- Born: January 3, 1985 (age 41) Wallingford, Connecticut, U.S.

NASCAR Whelen Modified Tour career
- Debut season: 2008
- Years active: 2008–2009, 2011–2015
- Starts: 30
- Championships: 0
- Wins: 0
- Poles: 0
- Best finish: 23rd in 2015

= Keith Rocco (racing driver) =

American racing driver

Keith Rocco (born January 3, 1985) is an American professional stock car racing driver who competed in the NASCAR Whelen Modified Tour from 2008 to 2015. He was the 2010 NASCAR Advance Auto Parts Weekly Series National champion. Rocco is known as one of the most successful weekly drivers of all time, garnering multiple track championships across all three Connecticut tracks in multiple types of race cars, including Modifieds and late models. His father Ronnie Rocco was a successful modified driver, and is the twin brother to Jeff Rocco, who also races.

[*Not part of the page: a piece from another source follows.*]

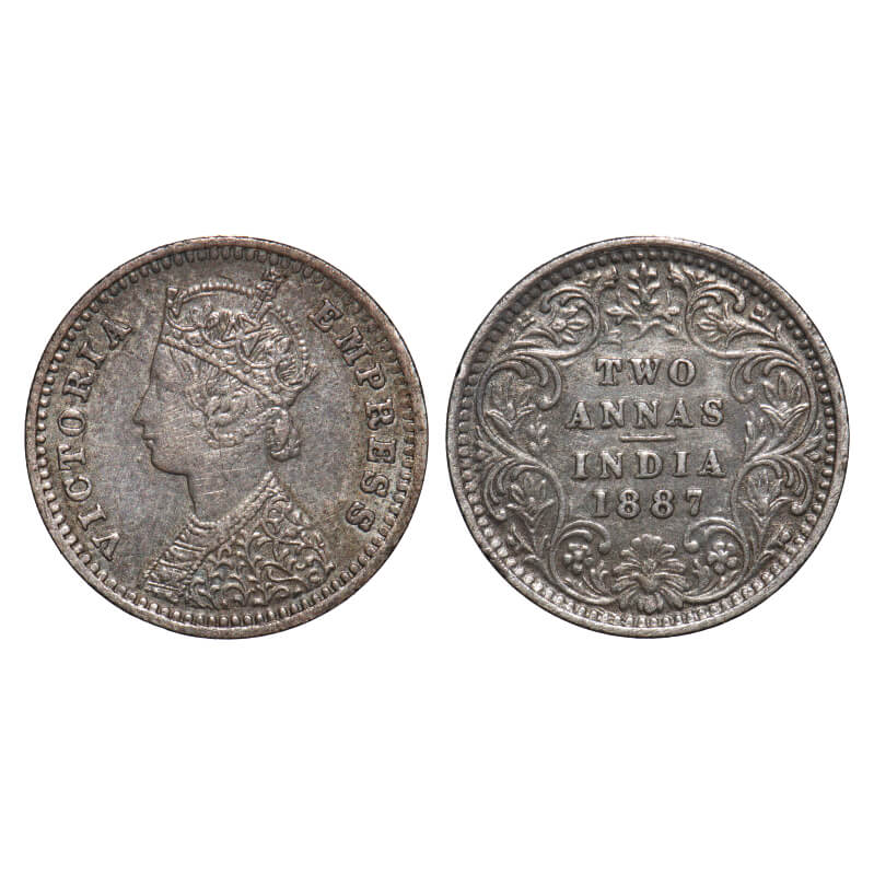 | Victoria Empress, Silver, 2 Annas, 1887, Bombay Mint, B/II, 'B' incised, Die crack on Obv. F. Prid. 540. GK 783. Almost Uncirculated, Toned. Rare. |

Rocco has previously competed in series such as the ARCA Menards Series West, the ACT Late Model Tour, the Race of Champions Asphalt Modified Tour, the PASS North Super Late Model Series, the Modified Racing Series, the Tri-Track Open Modified Series, and the World Series of Asphalt Stock Car Racing.

==Motorsports results==
===NASCAR===
(key) (Bold – Pole position awarded by qualifying time. Italics – Pole position earned by points standings or practice time. * – Most laps led.)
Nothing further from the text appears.